Он откашлялся, но ничего не сказал. Она спросила, не хочет ли он чаю со сладким пирогом, и попросил позвонить. Принесли на подносе стакан жидкого чаю и кусочек пирога, надгрызенный зубами. С волнением, глядя на пирог, он проговорил:
– У вас так хорошо здесь, уютно.
– Ах, у нас ужасный беспорядок все эти дни, – ответила Марья Кирилловна. – Зато я досыта надумалась во время болезни. Всего лучше думать, когда хвораешь. Только нужно решить вперед, что помрешь, решить не совсем по-настоящему, а так – загрустить, что вот умрешь, как жалко… Тогда все прошлое начнет представляться без страстей и обид. Переберешь все мелочи, давно забытые.
Она закрыла глаза. В тишине комнаты, под шкафом, царапалась мышь.
– Я многое решила: не уезжать никогда больше от доктора, по ночам с ним не разговаривать… Он говорит: «На любовь нужно смотреть просто»; когда я теперь уезжала – даже назвал ее «функция». Я обиделась: «Ах, если только функция – могу и совсем к вам не приезжать!» Но мало ли что говорится со зла. Он прав. Должно быть, я просто порчу ему жизнь. А то, что меня переполняет, не знаю, – все это от безделья.
Николай Иванович завертелся, потер переносицу:
– Так все-таки нельзя.
Должно быть, она улыбнулась под платком; сморщился нос и глаз стал длинным.
– Вчера вечером наверху играли на рояле.

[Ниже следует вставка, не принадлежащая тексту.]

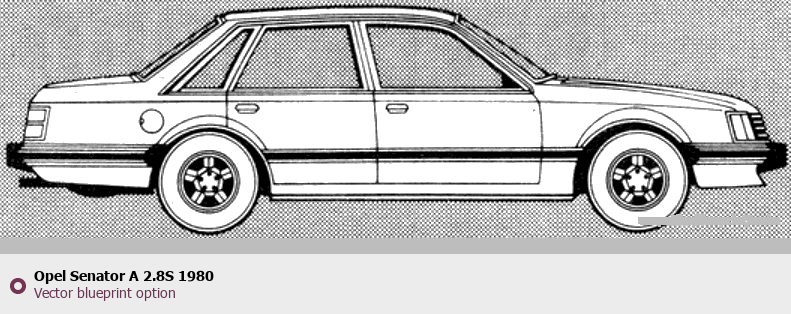 Raster blueprint of the 1980 Opel Senator A 2.8S Tag. This free downloadable image can be used for graphic projects, digital design, and 3D modeling. The file provides accurate exterior proportions of the vehicle. Model year: 1980. Body type: Tag.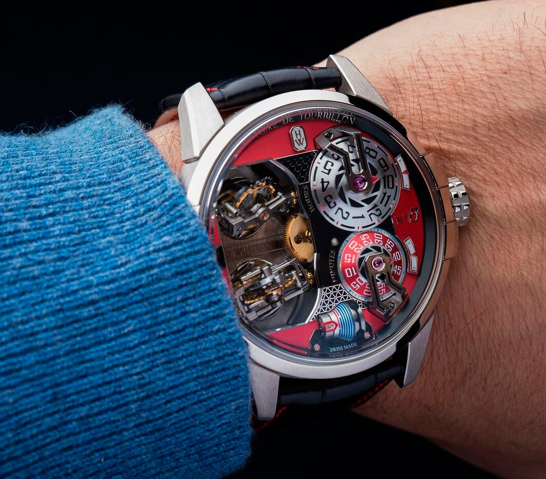Калибр HW4503 – сердце модели Histoire de Tourbillon 8 – практически полностью выполнен из титана. Этот легкий, прочный, немагнитный материал с трудом поддается машинной обработке. Изготовление из него сложнейших деталей, необходимых для калибра HW4503, требует исключительного мастерства. Титан, использованный для сборки плат и мостов, был прежде всего подвергнут пескоструйной обработке или полировке, в зависимости от дальнейшего применения. Края каждой детали были скошены вручную, что потребовало длительного времени и очень высокой квалификации. Титан был также использован для создания трехмерных мостов, на которых размещаются часовые и минутные указатели.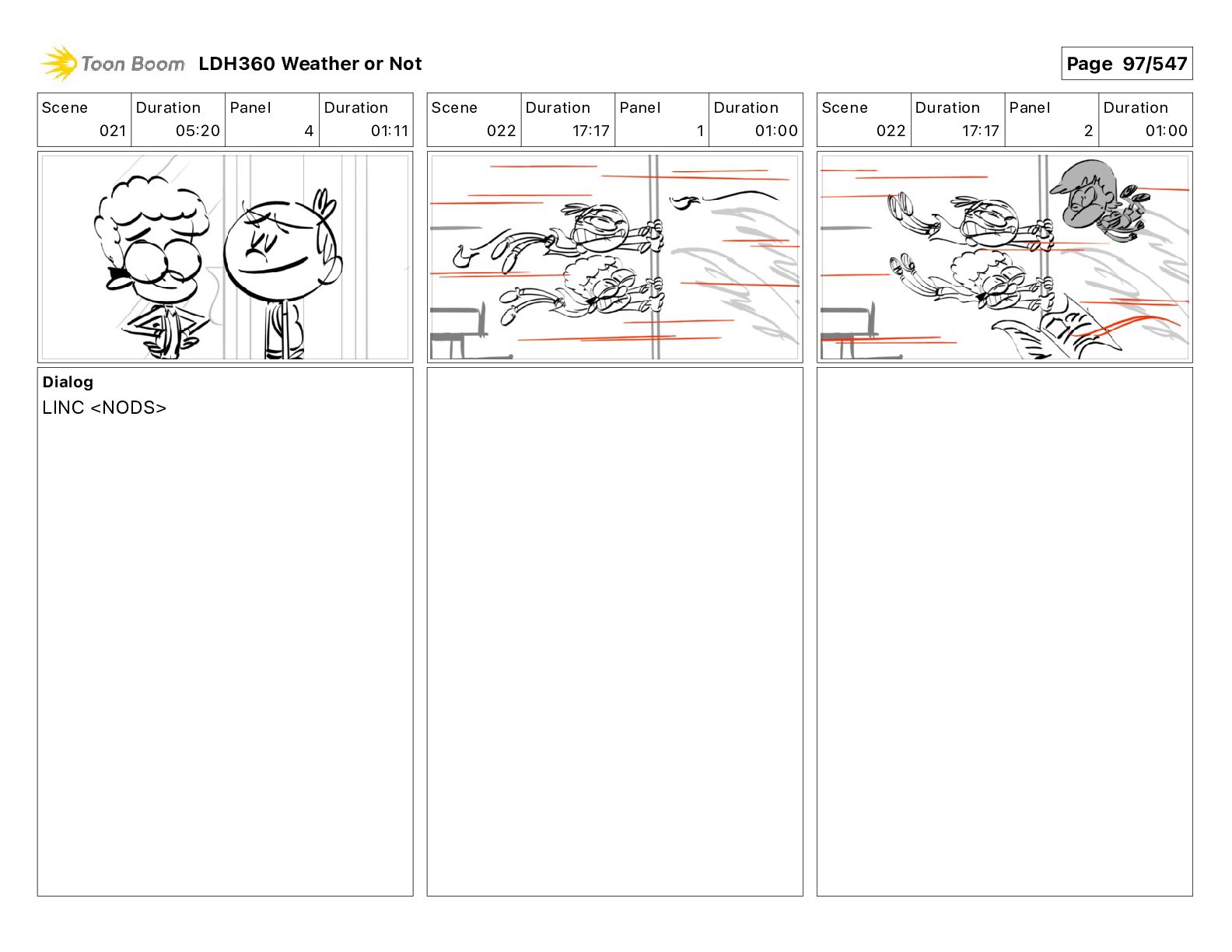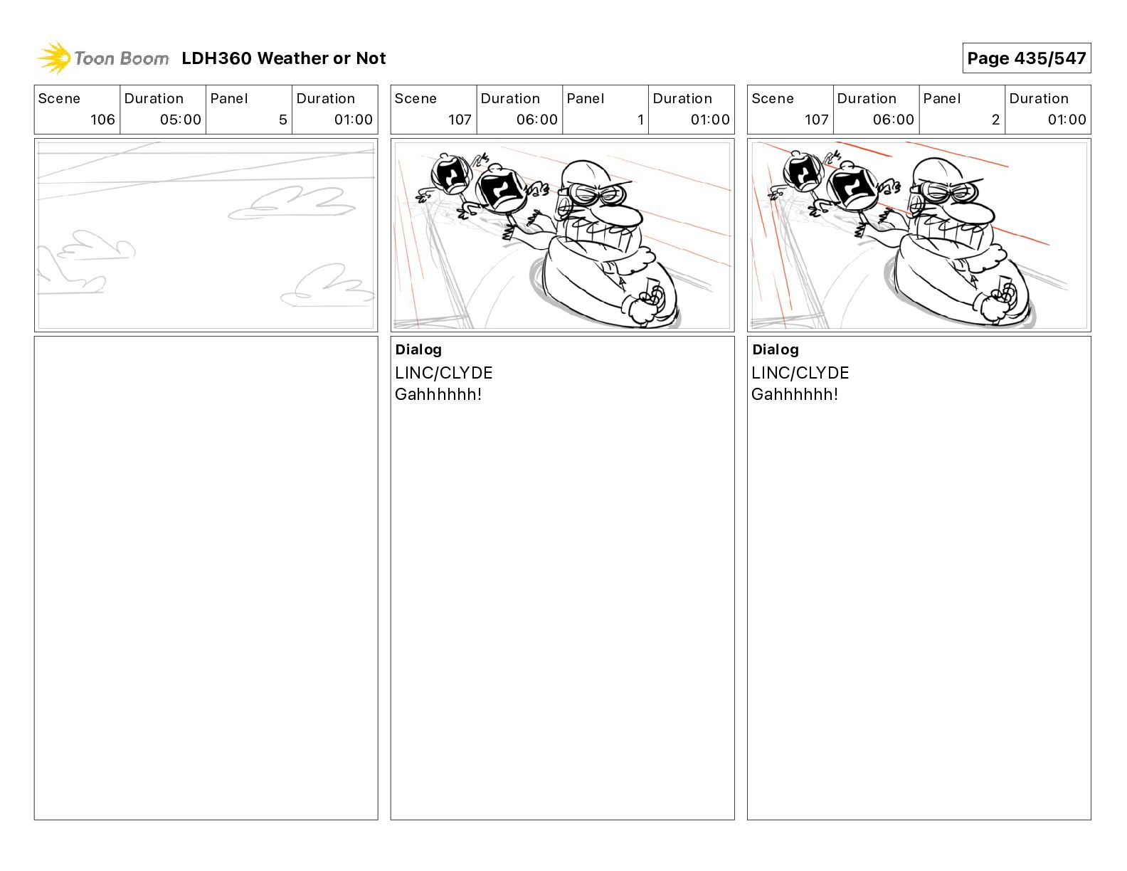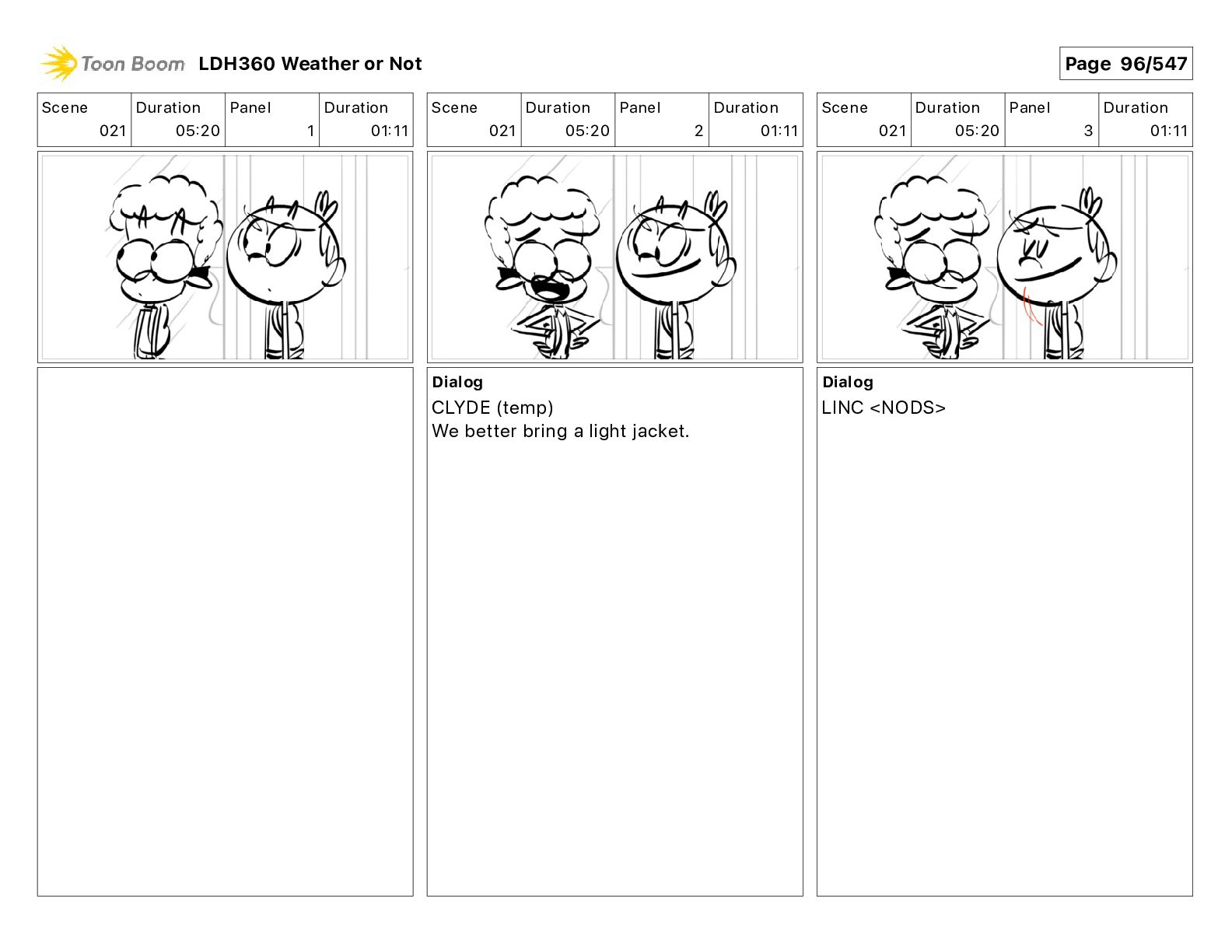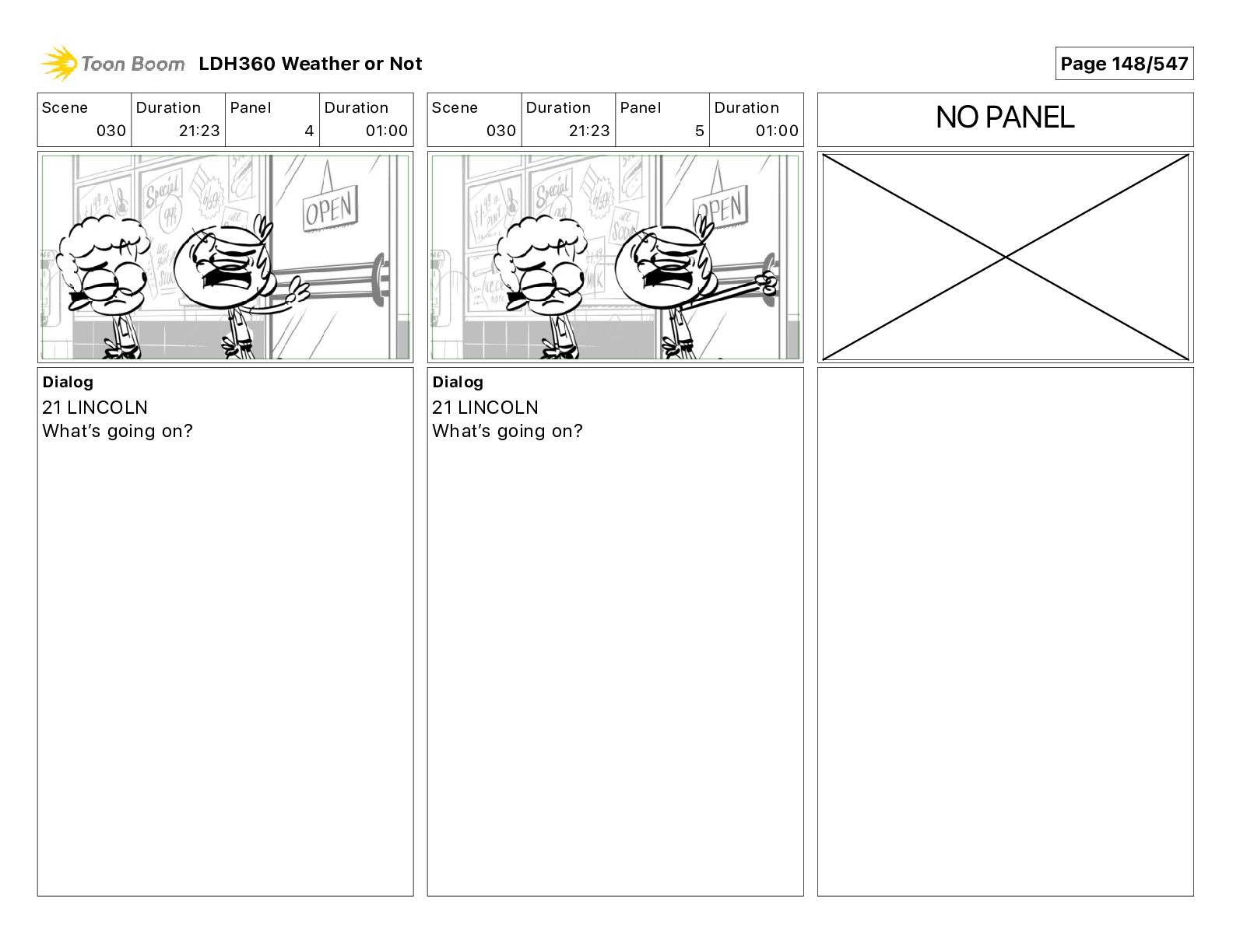 Dialog 84 LINCOLN But we just remembered-- Scene 138 Duration 19 00 Panel 11 Duration 01 00 Scene 138 Duration 19 00 Panel 12 Duration 01 00 Dialog 85 LINCOLN/CLYDE --we have school/--we have the dentist. LDH360 Weather or Not Page 531/547

Я задремала, и было так сладко, точно я полетела от земли. И вдруг слышу звук – однообразный, тонкий, звенящий. Он наполнил меня, и все во мне зазвенело, задрожало этим звуком, и все пространство было как звук. И показалось: умираю, люблю, жажду того, что вот-вот раскроется, распахнется ослепительным светом. Что это? А проснулась, думаю: доктор один и терзается. Он – чудак и несчастный, и пусть ничего не понимает. Вот видите, милый друг, хорошо иногда подумать…
Она повернулась на бок, положила ладонь под щеку. И точно весь воздух в комнате, пахнущий лекарством, стал спокойным и ласково-грустным.
Из-за шкафа выбежал мышонок. Он был хром и не спеша, как ручной, закружился по паркету.
Марья Кирилловна сказала:
– Дайте ему пирога.
Николай Иванович бросил на пол кусочек. Мышонок подпрыгнул, закрутился и принялся грызть пирог, припав к нему лапками.
Марья Кирилловна засмеялась:
– Говорят, есть примета: хороший человек, если его мыши не боятся.